Everything is Connected: From PromQL to Dashboards and Back

In observability tools, charts have the fundamental role of making tons of telemetry digestible in the blink of an eye. One of my favorite observability jokes is “That million logs could have been a metric data point”, and in Dash0, we made that happen: with Dash0 you can literally create charts based on your spans, logs, and web events without any additional toil regarding recording metrics in our OpenTelemetry Collectors or SDKs.

In the “Everything is connected” blog post, we discussed how you should be able to interact with pretty much everything on screen in Dash0 and navigate to the underlying telemetry. Until now, synthetic metrics, and Prometheus Query Language (PromQL) expressions in general, were a gap in this story. Today, we close it.

Telemetry correlation is fundamental for sense-making

Let's start with why we aggregate data in the first place. Your production system generates millions of events every minute: requests come in, spans are created, logs are written, metrics are emitted. If you tried to look at each individual event, you'd drown in noise. Aggregation is essential because it transforms overwhelming detail into understandable patterns.

However, the moment you aggregate, you generally lose the thread back to the individual events. That p95 latency spike? It could be caused by a specific customer, a particular endpoint, or a combination of attributes you haven't even thought to filter by yet. The correlation from your aggregated metric back to the raw telemetry that produced it is missing. This is where observability systems traditionally force you into a split-brain workflow. You're looking at metrics in one place, then jumping to traces in another, then over to logs, manually copying timestamps and filtering by attributes, trying to reconstruct the whole story.

Correlating telemetry in Dash0

In Dash0, aggregating your events is straightforward (and most end users do it without knowing how it works or even sparing a thought to it).

Dash0 lets you query logs, spans and web events via synthetic metrics like dash0.spans, dash0.spans.duration, dash0.logs and more. No need to pre-aggregate anything in your observability pipeline. Synthetic metrics “just work”, cost nothing on top of the spans and logs you already send, and power Alerting and Dashboards in Dash0. But there was no way to drill down through them to the raw logs, spans, and web events behind them.

That is, before today.

From PromQL queries to the underpinning raw telemetry

Dash0 now gives you a direct way of drilling down through any PromQL expression to the raw telemetry behind it . Select a time range on a chart, click a pie segment, or click a stat value, and an action bar appears with Explore and Triage actions that take you straight into the matching signal explorer with filters and time scope already applied.

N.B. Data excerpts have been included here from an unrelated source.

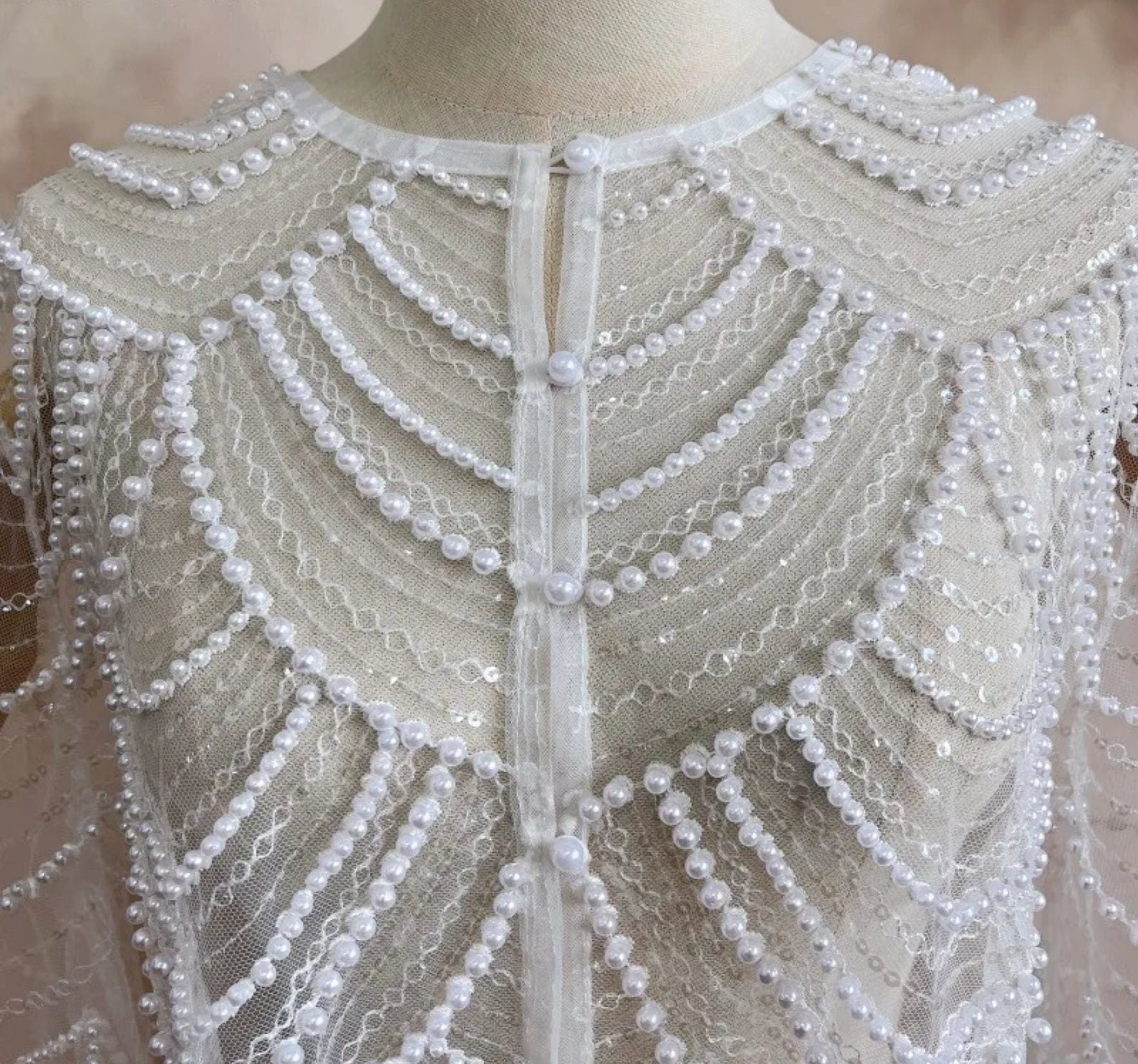 Beautiful Ornate Beaded Layered Scalloped Hem Bridal Special Occasion Party Bolero.
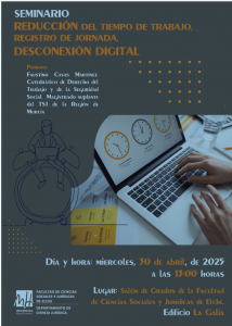 El próximo miércoles, 30 de abril de 2025, a las 13:00 horas, se celebrará en el Salón de Grados de la Facultad de Ciencias Sociales y Jurídicas de Elche (Edificio La Galia) el seminario titulado: “Reducción del tiempo de trabajo, registro de jornada, desconexión digital”.
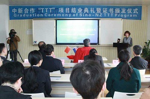 4月10日上午,新西兰国立中部理工学院院长里昂·福理 博士(Dr. Leon Fouri)一行四人,专程来青岛为参加中新合作“TTT”教师培训项目的15位学员颁发结业证书,同时代表新西兰教育标准质量局(NZQA)为通过认证考试的4位教师颁发海外高等教育资格学历证书。
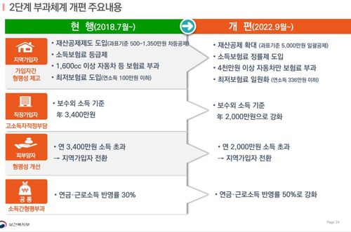 (서울=연합뉴스) 김병규 기자 = 정부가 오는 9월 '건강보험료 부과체계 2단계 개편'을 단행하기로 하면서 여야 합의를 통해 추진하기로 한 건보료 개혁이 마무리를 보게 됐다.
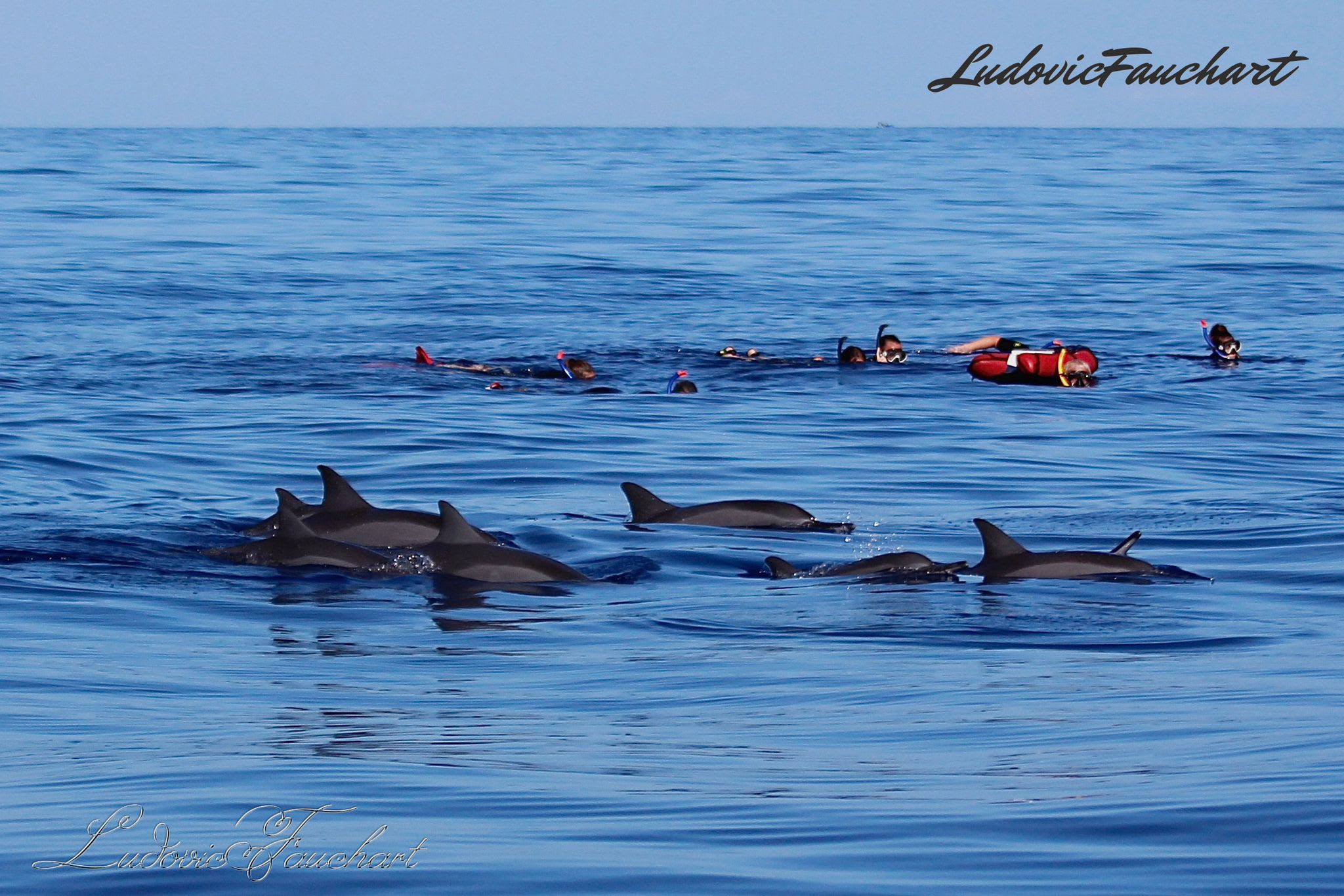 Snorkelling and swimming with dolphins and whales at Saint-Gilles-les-Bains in a small group of 10 participants maximum (6 swimmers and 4 accompanying passengers).
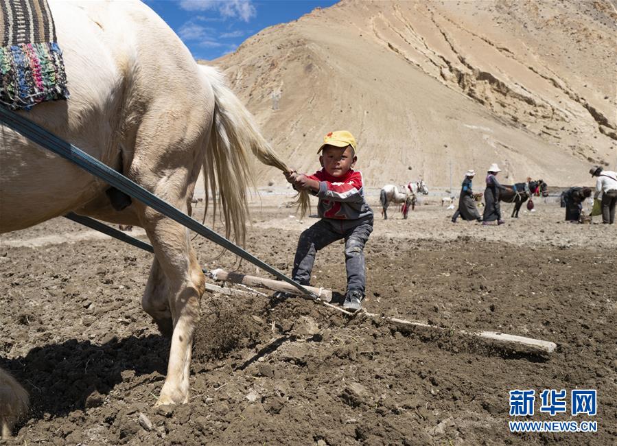 5月4日在西藏扎西宗乡拍摄的小旦多。受疫情影响,他所在的幼儿园还未复课,他便到田里帮父亲犁地。新华社记者普布扎西摄
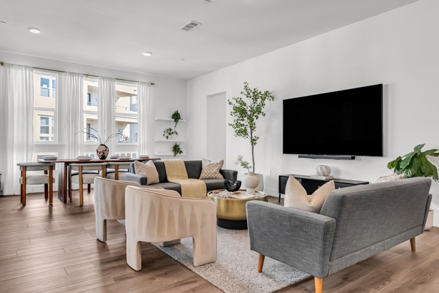 Newly built in 2022 a beautiful modern condo with highly upgraded kitchen cabinets, countertops, backsplash, flooring and huge outdoor patio/balcony for BBQs, and lounging. Very spacious open concept kitchen, dining room, and living room with an office nook, the perfect size for remote working. The primary bedroom is a private, spacious, serene hideaway with a custom closet, dual sink, en-suite bathrooms. Side by side 2 car garage. Metro crossing located across Warm Springs Bart Station. Right outside the building's door, you will find a park, plenty of guest parking, and a beautifully cared for community with a pool.
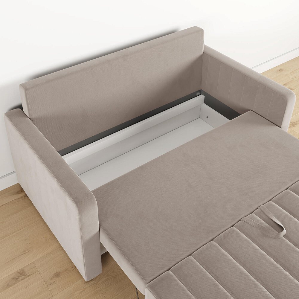 Размер спального места — 140 х 198 см. Полноценная кровать с ровным спальным местом прекрасно подойдёт в качестве гостевого варианта или для ежедневного сна одного человека.
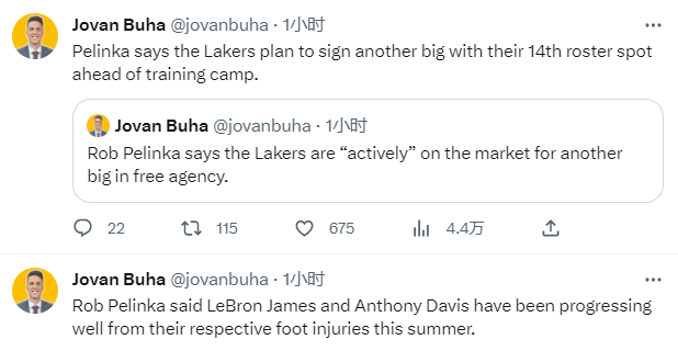 今天湖人夏联93-75大胜黄蜂,佩林卡、湖人主帅哈姆以及众新援文森特、雷迪什和普林斯都坐在场边观战;接受采访时,佩林卡表示湖人队的计划是在训练营开始前再签一名大个子球员,然后以14人名单开启新赛季。

Making this possible has been a long-running and intense process, combining complex computer science (symbolic logic on PromQL’s Abstract Syntax Tree) more related with compilers than raw observability, and non-trivial user experience work.

To find correlated logs, spans, web events and metrics for a PromQL query, we first parse the user's PromQL expression, analyze its structure, and then extract a set of matchers that will select the correlated data items we are looking for. Sounds straightforward for simple expressions but it gets very considerably harder for complex PromQL expressions.

The basics: Looking at the query's input data

Fundamentally, we keep the extraction logic simple: for finding correlated data items (like logs or spans), we do not need to analyze all possible semantic implications of PromQL query constructs that wrap, transform, or filter selected data further. After all, we want the raw telemetry behind the query. So we can ignore the effects of functions, aggregators, arithmetic operators, filter operators, and so on. We only look at the input data that the query selects. This ensures that we cover all possible data that may in some shape or form be relevant to the final output of the query.

Take the following PromQL query as an example:

promql

12345678910
sum by (service_namespace, service_name) (
  rate(
    {
      otel_metric_name="dash0.spans",
      service_name="frontend",
      service_namespace="opentelemetry-demo",
      dash0_operation_name!=""
    }[5m]
  )
)

This query computes the per-second rates of spans from the frontend service and aggregates those rates into an overall sum, while preserving the namespace and service name in the aggregation. However, the span-related input data that we care about is only captured by this inner metric selector:

promql

123456
{
  otel_metric_name="dash0.spans",
  service_name="frontend",
  service_namespace="opentelemetry-demo",
  dash0_operation_name!=""
}[5m]

This selector queries a synthetic Prometheus counter metric that represents the count of spans for the frontend service in the opentelemetry-demo namespace where the span has an operation name attached. Since the underlying spans have equivalent attributes, we can find them by querying for spans with the same attribute matchers as in the PromQL selector - without the otel_metric_name matcher, of course.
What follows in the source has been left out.